Internet-Plattform: Die scharfe "Camilla" war der Sekundarlehrer

Ein Extremfall von pornografischer Ausbeutung von Kindern kommt vor das Basler Strafgericht


Von Peter Knechtli


Ein ehemaliger Baselbieter Sekundarlehrer muss sich im April vor dem Basler Strafgericht verantworten: Er lebte auf Internet-Plattformen jahrelang seine pädophilen Neigungen an Buben – sogar an eigenen Schülern – aus, indem er sich als sexuell interessiertes gleichaltriges Mädchen ausgab und seine Opfer mit "heissen Fotos" köderte.


Ein ehemaliger Baselbieter Sekundarlehrer, der mittlerweile in Basel wohnt, muss sich im April vor dem Basler Strafgericht verantworten: Er lebte auf Internet-Plattformen jahrelang seine pädophilen Neigungen an Buben – sogar an eigenen Schülern – aus, indem er sich als sexuell interessiertes gleichaltriges Mädchen ausgab und seine Opfer mit "heissen Fotos" köderte.

Er trieb sein Spiel während elf Jahren

Bei dieser Anklage dürfte es sich um einen in der Schweiz bisher einmaligen Fall handeln. Nicht weniger als 246 Fälle von Kontakte mit Buben dokumentiert die Staatsanwaltschaft in ihrer Anklageschrift – darunter sieben Jugendliche unter 16 Jahren, die seine ihm anvertrauten Schüler waren. Dem Angeklagten, der als Lehrer in einer Baselbieter Vorortsgemeinde tätig war, werden sexuelle Handlungen mit Kindern, Nötigung und Pornografie vorgeworfen.
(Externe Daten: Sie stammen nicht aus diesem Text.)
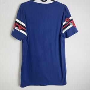 Victoria’s Secret "PINK" Women's Blue T-Shirt Small Rose Patch on Sleeve Applique Logo on Front

Der demnächst 37-Jährige beging seine Sexualdelikte über eine Dauer von nahezu elf Jahren, zwischen Januar 2003 bis Oktober 2013. Dabei nutzte er Kontakt- und Messengerdienste wie MSN, festzeit.ch, meinbild.ch, netlog oder Facebook, über die er mit den Buben in Kontakt trat. Um keinen Verdacht auf sich zu lenken, legte er sich eine falsche Identität zu: Aus dem erwachsenen Schulmeister wurde ein weiblicher Teenager, der sich unter wechselnden Alias-Namen wie "Nicole", "Camilla" oder "Luci".

Bild-Ordner hatte den Namen "Lockstoffe"

Um seine Knaben mit angeblichen eigenen Bildern anzuheizen, missbrauchte er laut Anklageschrift Fotoserien mit Porträt- und Nacktaufnahmen von mindestens drei jungen Frauen, deren Identität nicht bekannt ist. Dem Ordner, in den er diese Digitalbilder abgelegt hatte, gab er den Namen "Lockstoffe".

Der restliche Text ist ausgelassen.